**Task goal:** Please output the section of the listing below that opens with the line containing "晋粤大战不同于普通的常规赛或" and closes with the line containing "Shri Ghanshyam Prasad", exactly and with nothing else.

**Exercise material:**
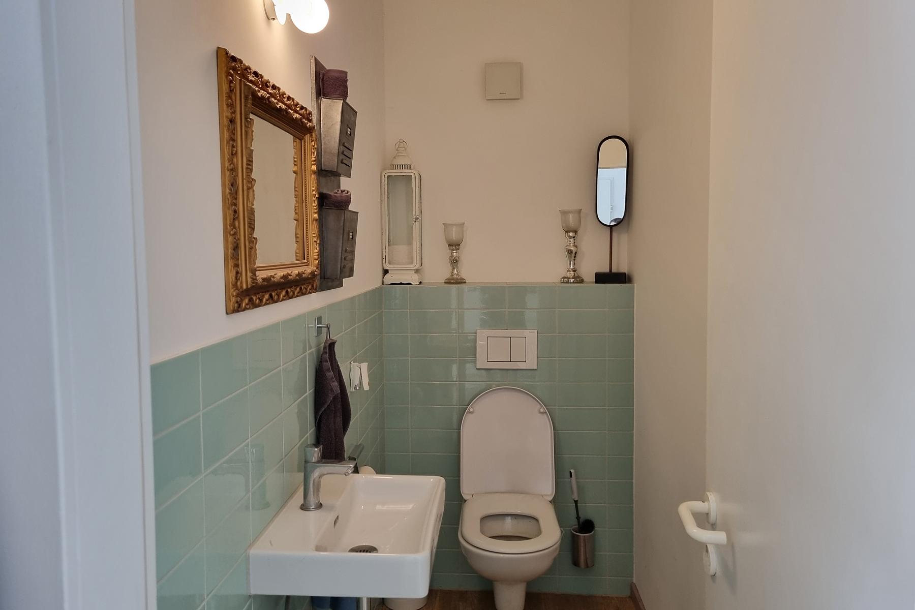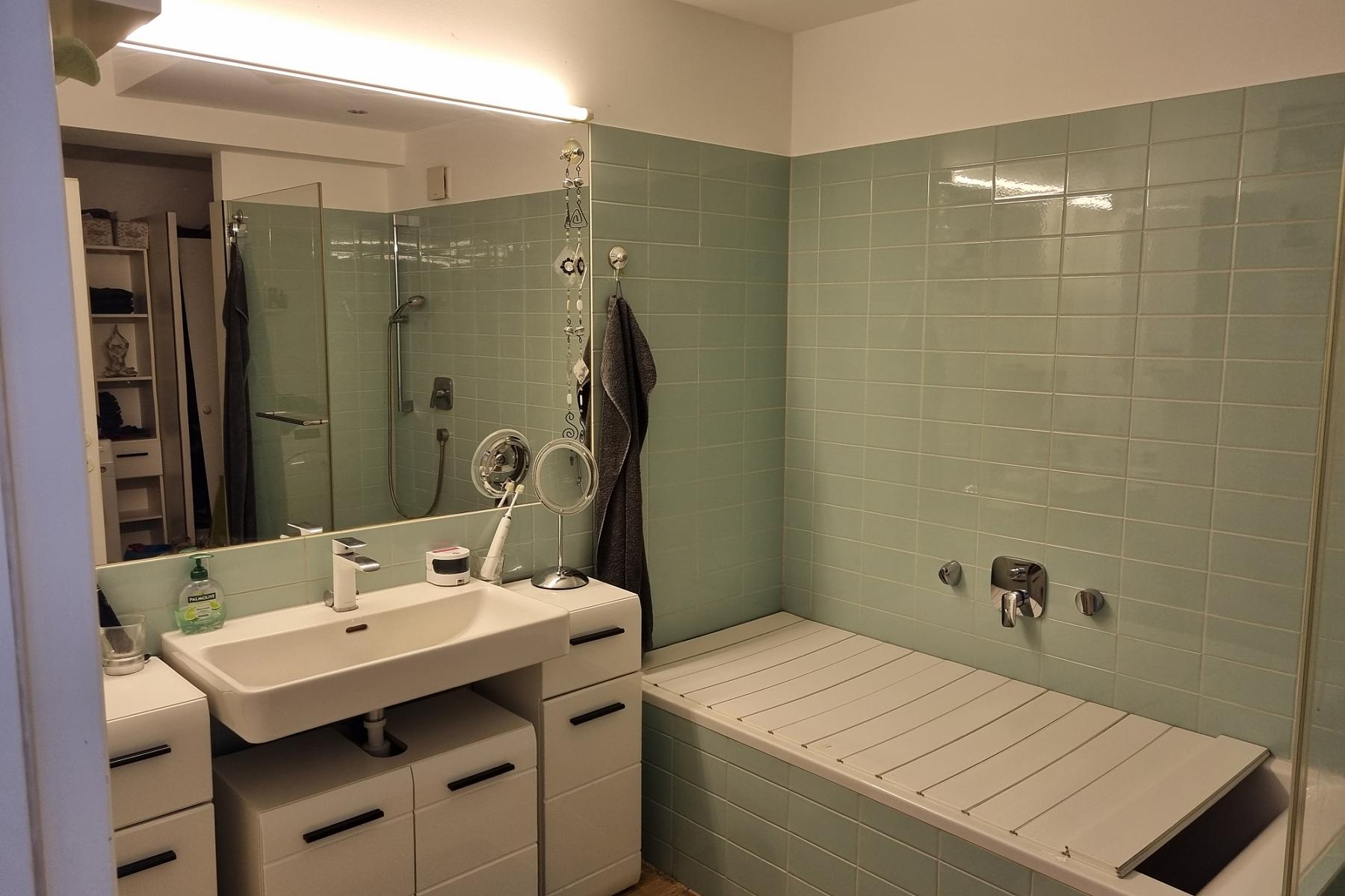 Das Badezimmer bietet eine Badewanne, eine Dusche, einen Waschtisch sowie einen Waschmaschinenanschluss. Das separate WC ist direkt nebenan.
* * *
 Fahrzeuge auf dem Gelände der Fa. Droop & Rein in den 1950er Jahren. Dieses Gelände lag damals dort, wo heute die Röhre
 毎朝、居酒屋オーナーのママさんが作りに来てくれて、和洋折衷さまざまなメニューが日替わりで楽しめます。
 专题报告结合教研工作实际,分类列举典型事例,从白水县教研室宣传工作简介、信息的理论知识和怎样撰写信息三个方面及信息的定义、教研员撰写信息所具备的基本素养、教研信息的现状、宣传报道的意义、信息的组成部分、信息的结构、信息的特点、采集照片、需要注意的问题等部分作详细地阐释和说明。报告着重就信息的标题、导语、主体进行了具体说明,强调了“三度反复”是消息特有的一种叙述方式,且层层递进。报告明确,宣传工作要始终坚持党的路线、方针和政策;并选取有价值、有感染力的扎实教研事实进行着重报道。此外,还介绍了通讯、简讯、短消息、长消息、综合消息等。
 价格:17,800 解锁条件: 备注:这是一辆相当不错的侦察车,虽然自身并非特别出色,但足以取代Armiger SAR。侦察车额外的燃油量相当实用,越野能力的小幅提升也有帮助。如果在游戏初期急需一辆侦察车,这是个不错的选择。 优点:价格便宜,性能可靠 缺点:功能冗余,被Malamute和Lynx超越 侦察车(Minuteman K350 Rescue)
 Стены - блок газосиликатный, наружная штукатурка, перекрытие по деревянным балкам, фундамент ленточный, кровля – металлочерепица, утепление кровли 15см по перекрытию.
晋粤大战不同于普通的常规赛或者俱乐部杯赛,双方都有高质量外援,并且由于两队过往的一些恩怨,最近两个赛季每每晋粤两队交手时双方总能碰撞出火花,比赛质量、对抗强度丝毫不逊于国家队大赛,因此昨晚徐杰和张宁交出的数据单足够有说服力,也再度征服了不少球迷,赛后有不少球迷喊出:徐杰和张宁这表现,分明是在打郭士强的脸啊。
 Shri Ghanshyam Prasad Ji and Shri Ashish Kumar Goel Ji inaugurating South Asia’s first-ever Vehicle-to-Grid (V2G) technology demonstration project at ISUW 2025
==
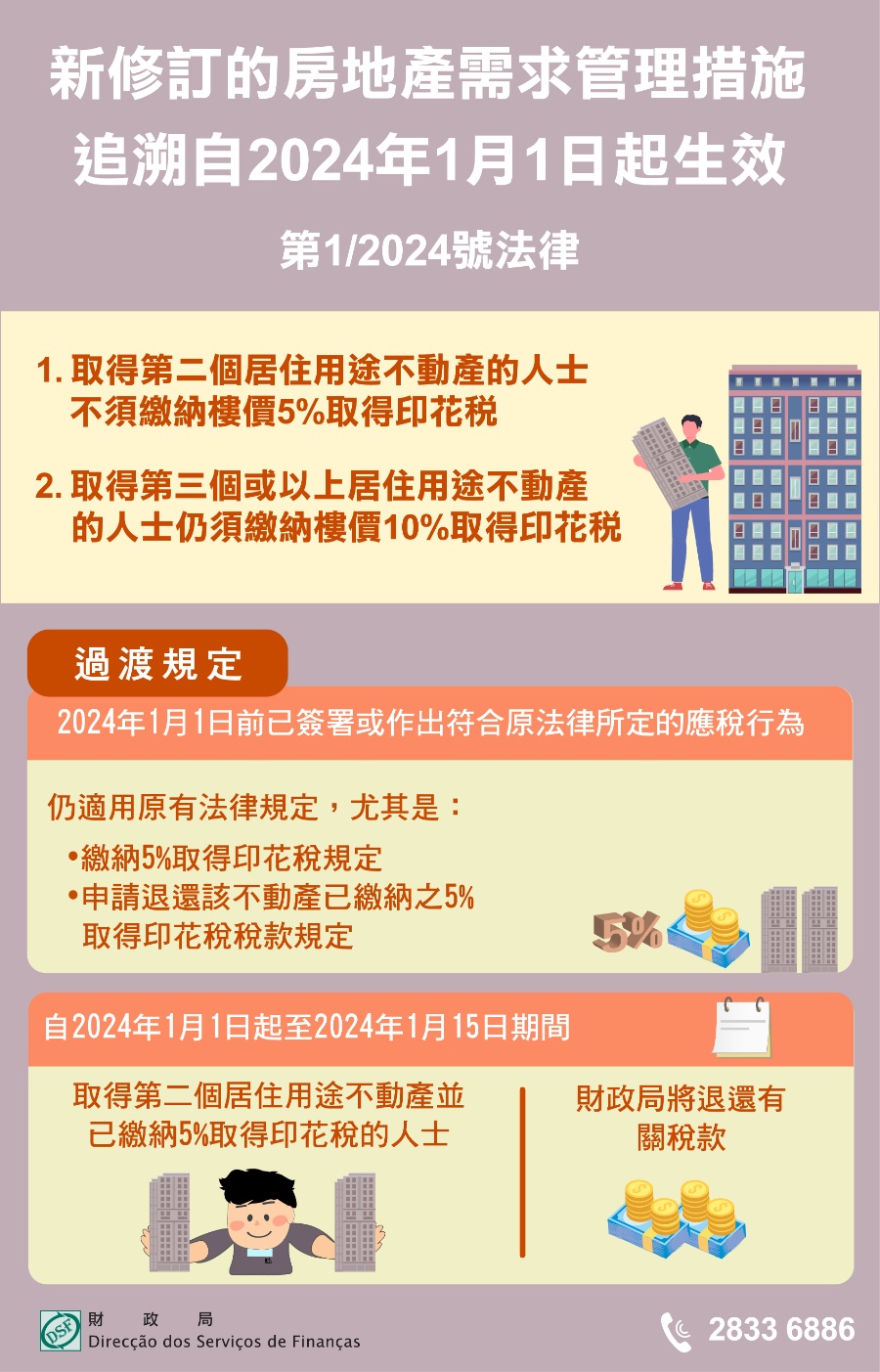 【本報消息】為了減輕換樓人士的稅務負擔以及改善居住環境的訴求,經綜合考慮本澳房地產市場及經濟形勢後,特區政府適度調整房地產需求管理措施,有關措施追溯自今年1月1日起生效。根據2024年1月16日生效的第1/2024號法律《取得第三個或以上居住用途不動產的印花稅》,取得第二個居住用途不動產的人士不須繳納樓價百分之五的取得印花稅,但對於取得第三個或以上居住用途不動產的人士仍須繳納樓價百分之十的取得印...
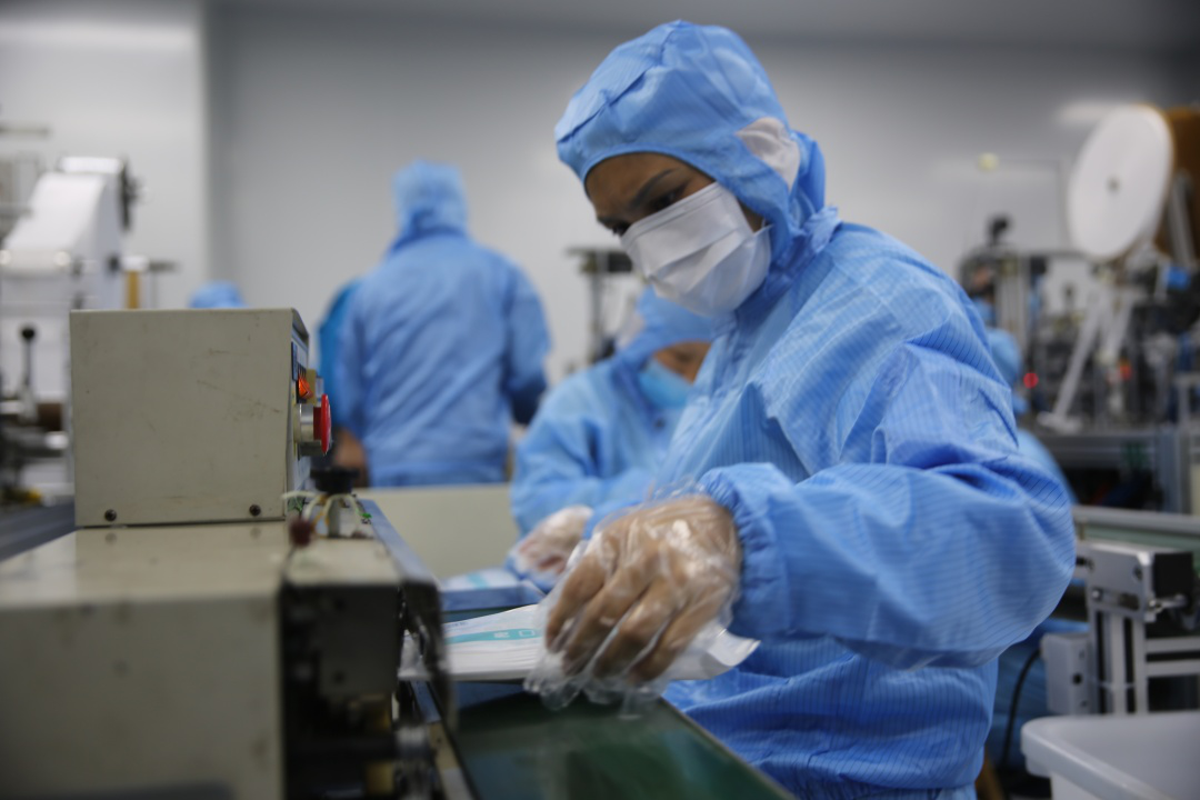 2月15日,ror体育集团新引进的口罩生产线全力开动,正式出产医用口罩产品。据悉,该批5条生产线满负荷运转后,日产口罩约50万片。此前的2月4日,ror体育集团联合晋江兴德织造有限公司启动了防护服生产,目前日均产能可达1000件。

**Exercise solution:**
晋粤大战不同于普通的常规赛或者俱乐部杯赛,双方都有高质量外援,并且由于两队过往的一些恩怨,最近两个赛季每每晋粤两队交手时双方总能碰撞出火花,比赛质量、对抗强度丝毫不逊于国家队大赛,因此昨晚徐杰和张宁交出的数据单足够有说服力,也再度征服了不少球迷,赛后有不少球迷喊出:徐杰和张宁这表现,分明是在打郭士强的脸啊。
 Shri Ghanshyam Prasad Ji and Shri Ashish Kumar Goel Ji inaugurating South Asia’s first-ever Vehicle-to-Grid (V2G) technology demonstration project at ISUW 2025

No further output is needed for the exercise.